*** Opening of Information shown ***

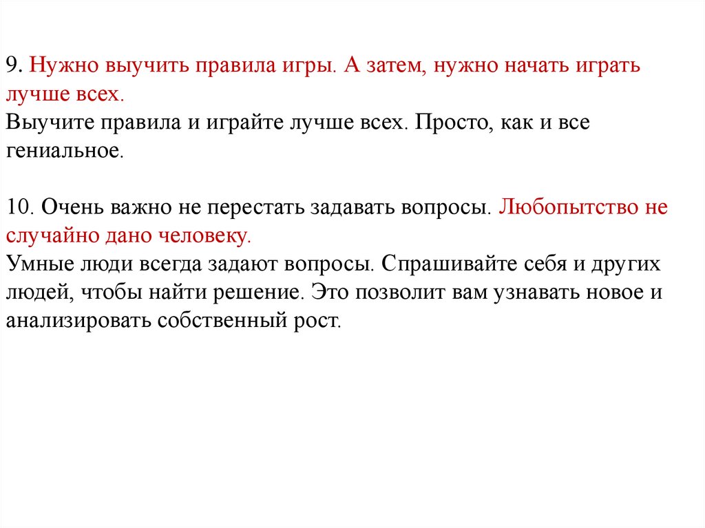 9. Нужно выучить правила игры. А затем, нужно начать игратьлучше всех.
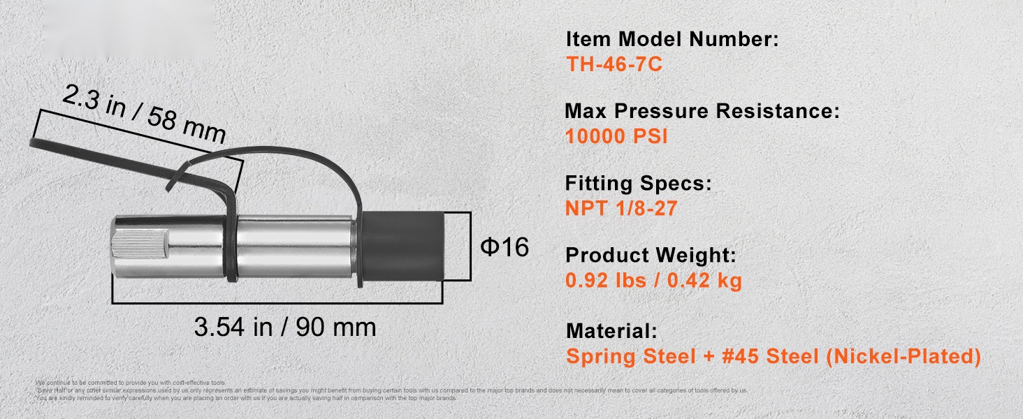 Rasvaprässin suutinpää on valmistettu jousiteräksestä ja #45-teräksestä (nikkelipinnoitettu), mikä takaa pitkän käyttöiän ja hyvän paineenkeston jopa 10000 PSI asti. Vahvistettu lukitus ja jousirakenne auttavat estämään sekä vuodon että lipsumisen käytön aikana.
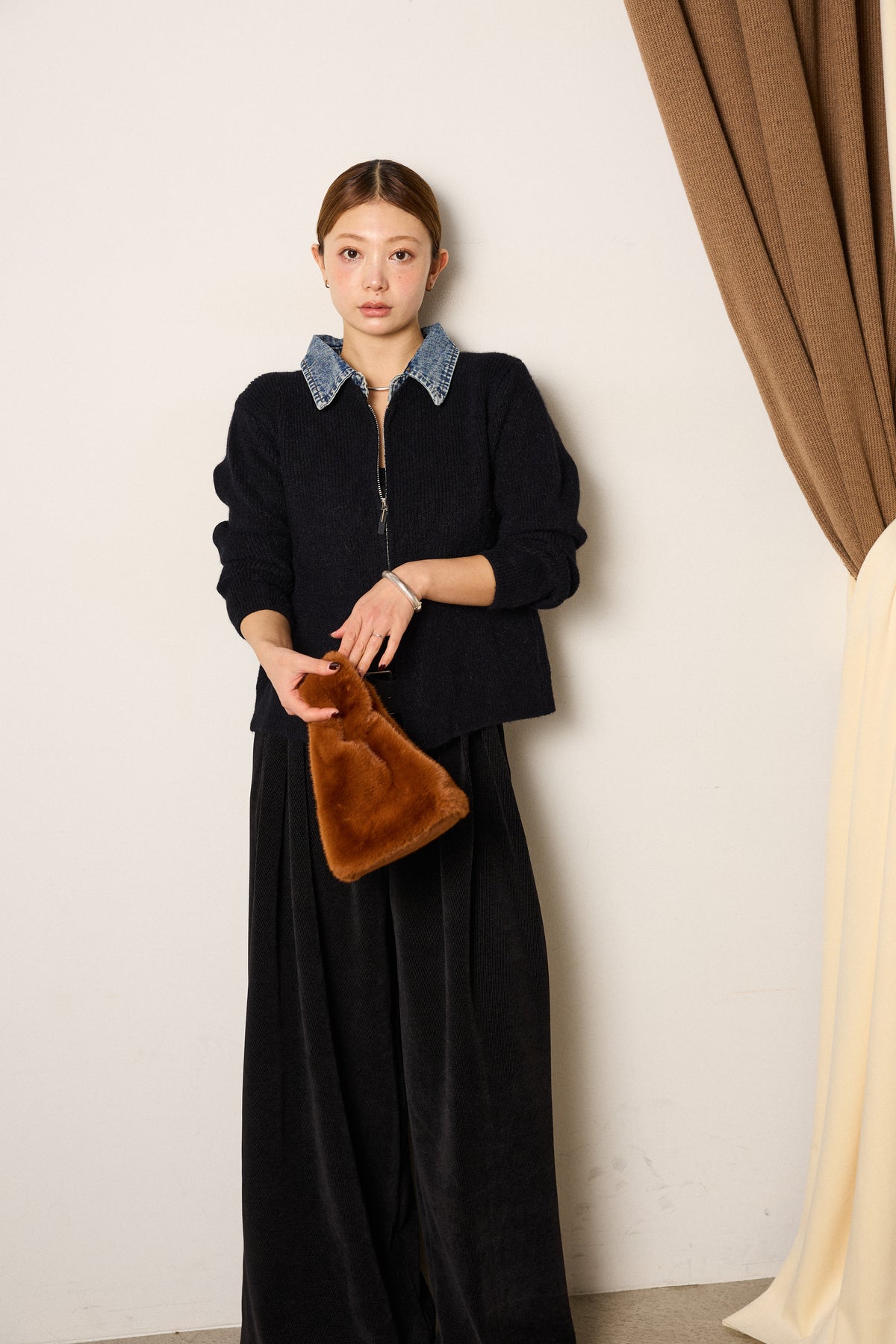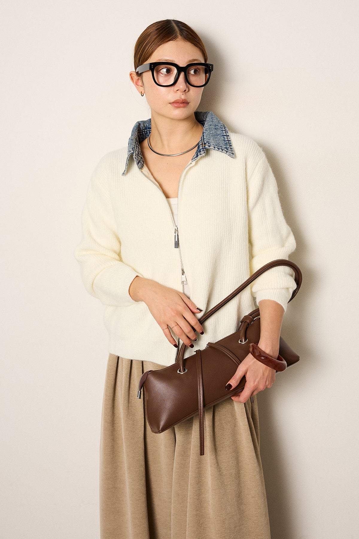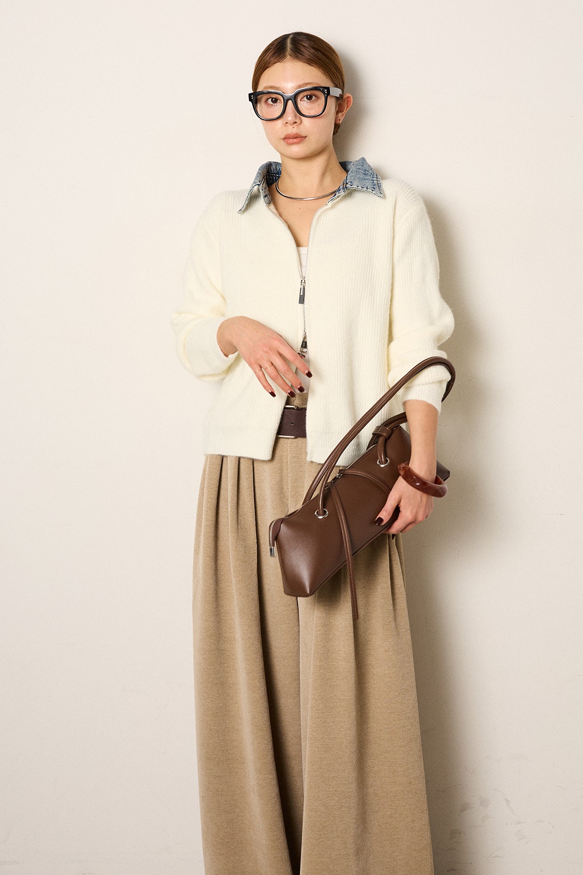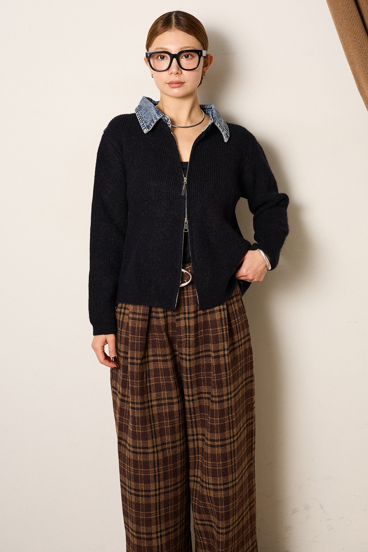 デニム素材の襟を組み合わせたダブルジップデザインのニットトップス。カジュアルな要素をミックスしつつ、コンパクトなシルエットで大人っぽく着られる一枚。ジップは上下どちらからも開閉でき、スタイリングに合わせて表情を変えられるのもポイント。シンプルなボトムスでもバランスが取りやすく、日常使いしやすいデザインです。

*** Close of Information shown ***

• **Problem statement**
Leave out the pictures and retype every line above exactly.

• **Task solution**
 9. Нужно выучить правила игры. А затем, нужно начать игратьлучше всех.
 Rasvaprässin suutinpää on valmistettu jousiteräksestä ja #45-teräksestä (nikkelipinnoitettu), mikä takaa pitkän käyttöiän ja hyvän paineenkeston jopa 10000 PSI asti. Vahvistettu lukitus ja jousirakenne auttavat estämään sekä vuodon että lipsumisen käytön aikana.
 デニム素材の襟を組み合わせたダブルジップデザインのニットトップス。カジュアルな要素をミックスしつつ、コンパクトなシルエットで大人っぽく着られる一枚。ジップは上下どちらからも開閉でき、スタイリングに合わせて表情を変えられるのもポイント。シンプルなボトムスでもバランスが取りやすく、日常使いしやすいデザインです。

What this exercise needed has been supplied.